Studio album by Bradley Joseph
- Released: October 22, 2008
- Genre: Christmas Easy listening
- Label: Robbins Island
- Producer: Bradley Joseph

Bradley Joseph chronology
| Hymns and Spiritual Songs (2007) | Classic Christmas (2008) | Suites & Sweets (2009) |

= Classic Christmas (Bradley Joseph album) =

Classic Christmas is the 15th studio album by Bradley Joseph released in 2008 on the Robbins Island Music label.

While discussing, Classic Christmas, Gerry Grzyb, chairman of the University of Wisconsin–Oshkosh sociology department, states that Joseph's usual approach is to play the carol straight, and then add his own twists. "he's very effective at that—he doesn't stray as far as a jazz or classical organ improviser might, but he does keep the interest up." Grzyb says that the same applies to Joseph's earlier Christmas Around the World album, which he found even more interesting because of the use of other instrumental sounds (added via keyboards).

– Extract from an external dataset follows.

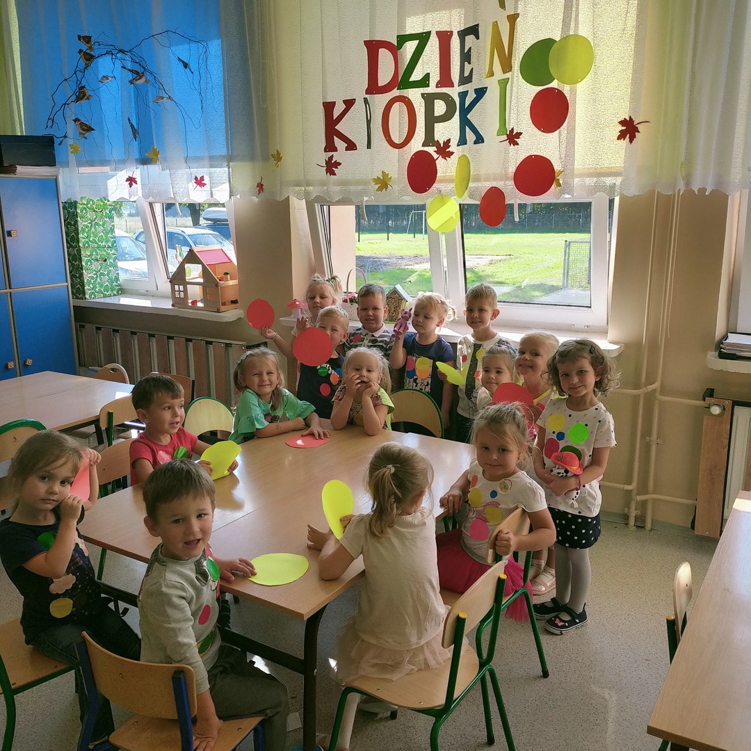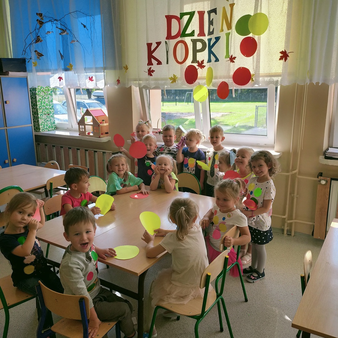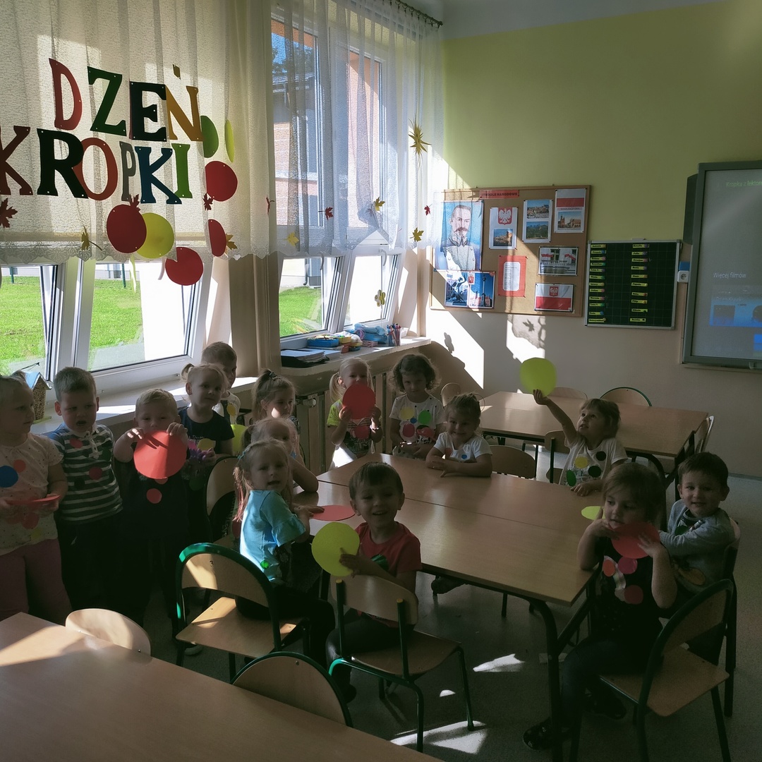 W dniu 15 września 2021 roku w naszych oddziałach przedszkolnych świętowaliśmy Międzynarodowy Dzień Kropki. Jest to święto kreatywności, którego inspiracją stała się książka Petera H. Reynoldsa pt."Kropka". Książka opowiada o małej dziewczynce Vashti, która nie chciała rysować, bo nie wierzyła w swoje umiejętności. Zachęcona przez nauczycielkę namalowała na kartce kropkę, po czym podpisała swój obrazek i pospiesznie opuściła salę. Następnego dnia Vashti ze zdumieniem zauważyła, że jej praca jest oprawiona w piękną ramkę i wisi na honorowym miejscu tuż nad biurkiem nauczycielki. Poczuła się bardzo szczęśliwa , że jej praca się spodobała i wisi w miejscu, w którym wszyscy mogą ją podziwiać. Pomyślała, że potrafi namalować jeszcze piękniejsze kropki i z ochotą zabrała się do pracy.

In a review by Carol Swanson, this album is an hour of "well-executed new age piano...gentle renditions of fourteen holiday favorites". She goes on to say that "Joseph's playing is measured and thoughtful, but never plodding, such as "'We Three Kings'...is elegant in its simplicity, with just a touch of exotic flavors".

==Track listing==
1. "Angels We Have Heard on High" - 4:58
2. "Oh, Little Town of Bethlehem" - 4:48
3. "O Come All Ye Faithful" - 3:15
4. "The Wassail Song - 3:28
5. "Deck the Halls" - 3:17
6. "O Christmas Tree" - 4:08
7. "We Three Kings" - 6:04
8. "Up on the Housetop" - 4:32
9. "The First Noel" - 3:52
10. "Jingle Bells" - 4:49
11. "Away in a Manger" - 4:19
12. "It Came Upon the Midnight Clear" - 5:10
13. "What Child Is This?" - 4:33
14. "We Wish You a Merry Christmas" - 3:30

==Personnel==
- All music arranged and performed by Bradley Joseph.